Trigonometric Functions: Waves
These produce repeating wave patterns.
Sine and Cosine
y = A · sin(Bx + C) + D
y = A · cos(Bx + C) + D
Where:
- A = amplitude (height from center to peak)
- B = frequency (how many cycles per 2π)
- C = phase shift (horizontal movement)
- D = vertical shift
Key Points to Remember
- sin(0) = 0, sin(π/2) = 1, sin(π) = 0, sin(3π/2) = -1
- cos(0) = 1, cos(π/2) = 0, cos(π) = -1, cos(3π/2) = 0
- Period = 2π/B
Circle Equations
(x - h)² + (y - k)² = r²
Center at (h, k), radius r. That's all you need.
Ellipse Equation
(x - h)²/a² + (y - k)²/b² = 1
Center at (h, k). Semi-major axis a, semi-minor axis b.
Power Functions: Variable as Base
y = xⁿ
- n = 1: straight line through origin
- n = 2: parabola
- n = 3: cubic curve
- n = 1/2: square root (half-parabola)
- n = -1: hyperbola (1/x)
How to Plot Any Graph: Step-by-Step
Step 1: Identify the Equation Type
Linear? Quadratic? Exponential? This determines the shape before you plot a single point.
Step 2: Find Key Points
- Y-intercept: set x = 0, solve for y
- X-intercepts: set y = 0, solve for x
- Vertex (for quadratics): use -b/2a for x-coordinate
- Domain restrictions: check for values that cause division by zero or negative square roots
Step 3: Create a Value Table
Pick 5-7 x-values. Plug them in. Record y-values. Plot the points.
Step 4: Connect the Dots
- Linear equations: straight line through any two points
- Quadratic: smooth U-curve through the vertex
- Exponential: curved, asymptotic to axes
- Trigonometric: wave pattern connecting key points
Step 5: Check Your Work
Does the graph match the expected shape? Are intercepts correct? Does the domain make sense?
Graphing Tools Comparison
| Tool | Best For | Cost | Learning Curve |
|---|---|---|---|
| Desmos | Quick plots, interactive exploration | Free | Low |
| GeoGebra | Advanced geometry + algebra | Free | Medium |
| Matlab | Engineering, heavy computation | Paid | High |
| Python (Matplotlib) | Automation, data visualization | Free | Medium-High |
| TI-84 Calculator | Standard exams, quick checks | Paid | Low |
Common Mistakes to Avoid
- Forgetting the negative sign in vertex form — (x + 3)² actually means x - (-3)
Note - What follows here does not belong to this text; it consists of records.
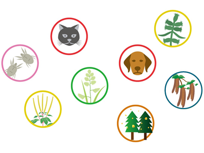 この検査は、スギ花粉やダニ、イヌやネコのフケなど、みなさんが吸い込んでしまう可能性のあるアレルゲン(アレルギーを起こす物質)に反応する「IgE」という抗体がからだの中にあるかどうかを調べるためのものです。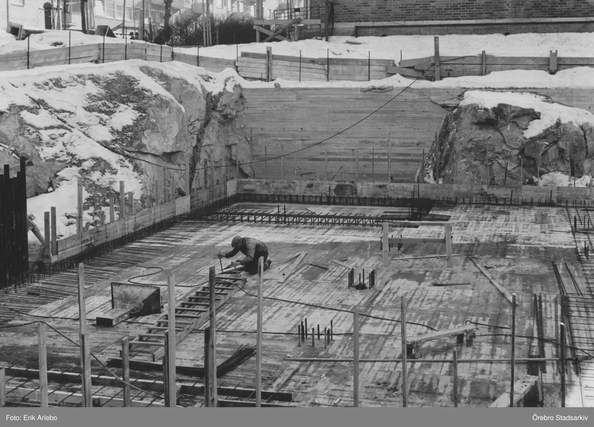 Byggarbetare vid polishuset, 1956-03-13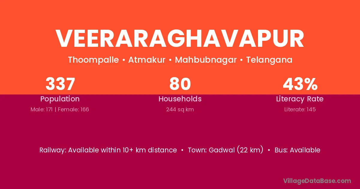 Gadwal (22 km) is the nearest town to Veeraraghavapur village for major economic activities and is located approximately 22 km away.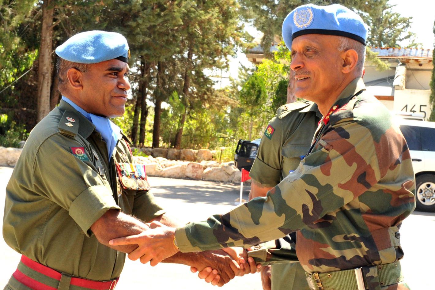 Commanding Officer Fiji Batt Lt Col Ravunakana welcoming the Force Commander and Head of Mission (Chief Guest) Maj Gen Jai Shanker Menon at the Fiji Batt Medal Parade in Camp Fauoar.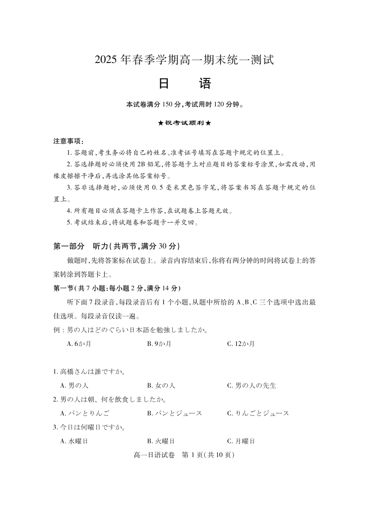 高一日语--湖北省黄石市2025春季学期高一期末统一测试
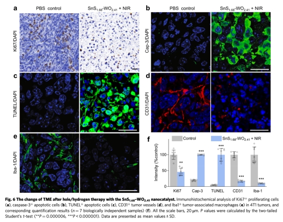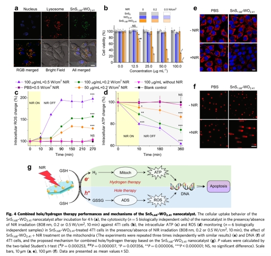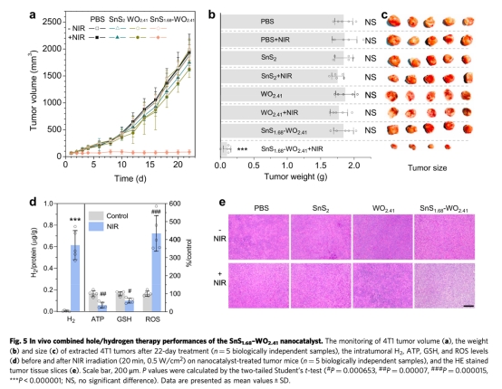 研究提出"無藥治療"新策略,開發Z型SnS?.??-WO?.??納米催化劑,在808 nm近紅外光(NIR)激發下同步產生氧化性空穴和氫氣分子。該催化劑無需藥物輔助,通過空穴持續消耗腫瘤內過表達的谷胱甘肽(GSH),同時催化生成氫氣分子。氫氣分子抑制癌細胞能量代謝,GSH消耗破壞腫瘤氧化還原平衡,二者協同誘導DNA損傷和細胞凋亡。體內外實驗證實該療法高效安全,腫瘤完全消退率達20%(圖5b),且無系統毒性。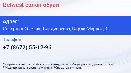 Belwest, салон обуви по адресу Северная Осетия, Владикавказ, Карла Маркса, 1 в дальнейшем Организация, размещена в следующих категориях: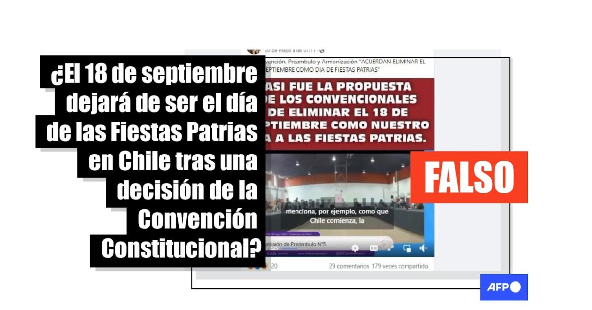 "ACUERDAN ELIMINAR EL 18 DE SEPTIEMBRE COMO DIA DE FIESTAS PATRIAS", dice la descripción de una publicación en Facebook, junto a un video de un fragmento de una sesión de la Comisión de Preámbulo, que forma parte de la Convención Constitucional, organismo encargado de redactar una nueva Carta Magna para Chile.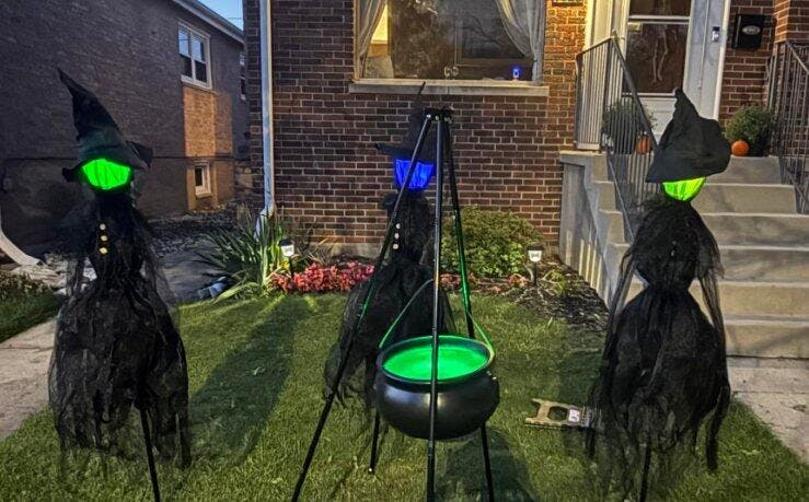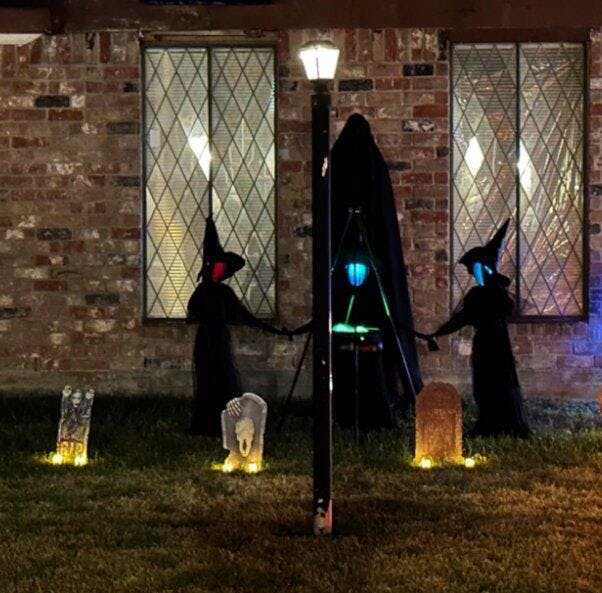 Additionally, carefully designed for maximum spookiness, these witches are made with durable, weather-resistant materials and glowing LED lights. They’re easy to set up, reusable year after year, and perfect for adding a witchy vibe to your haunted house setup.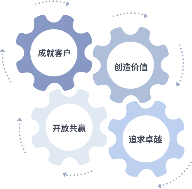 成就客户是一切决策的出发点,,,创造价值是衡量所有工作的标准,,,追求卓越是我们做事做人的态度,,,开放共赢是我们的格局也是最终的结果。。价值观的齿轮环环相扣,,,推动着组织里的每个人不断向前。。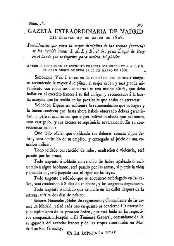 - Título: Gazeta de Madrid. 1808. Núm. 26, 27 de marzo de 1808 (Formato PDF)

- Misidentifying the slope — rise first, then run
- Ignoring the domain — you can't take log of a negative number or square root of negative numbers (in real graphs)
- Plotting too few points — especially for curves, you need enough to catch the shape
- Confusing correlation — a line through points doesn't prove causation
Quick Reference: Equation to Shape
| Equation Type | Form | Shape |
|---|---|---|
| Linear | y = mx + b | Straight line |
| Quadratic | y = ax² + bx + c | Parabola (U-shape) |
| Cubic | y = ax³ + bx² + cx + d | S-curve |
| Exponential | y = a·bˣ | J-curve |
| Logarithmic | y = log(x) | Slow rise, asymptotic |
| Sine/Cosine | y = A·sin(Bx) | Wave |
| Circle | x² + y² = r² | Circle |
Final Word
Graph formulas aren't magic. They're descriptions of patterns. Learn to recognize what each equation produces visually, and you'll never struggle with plotting again.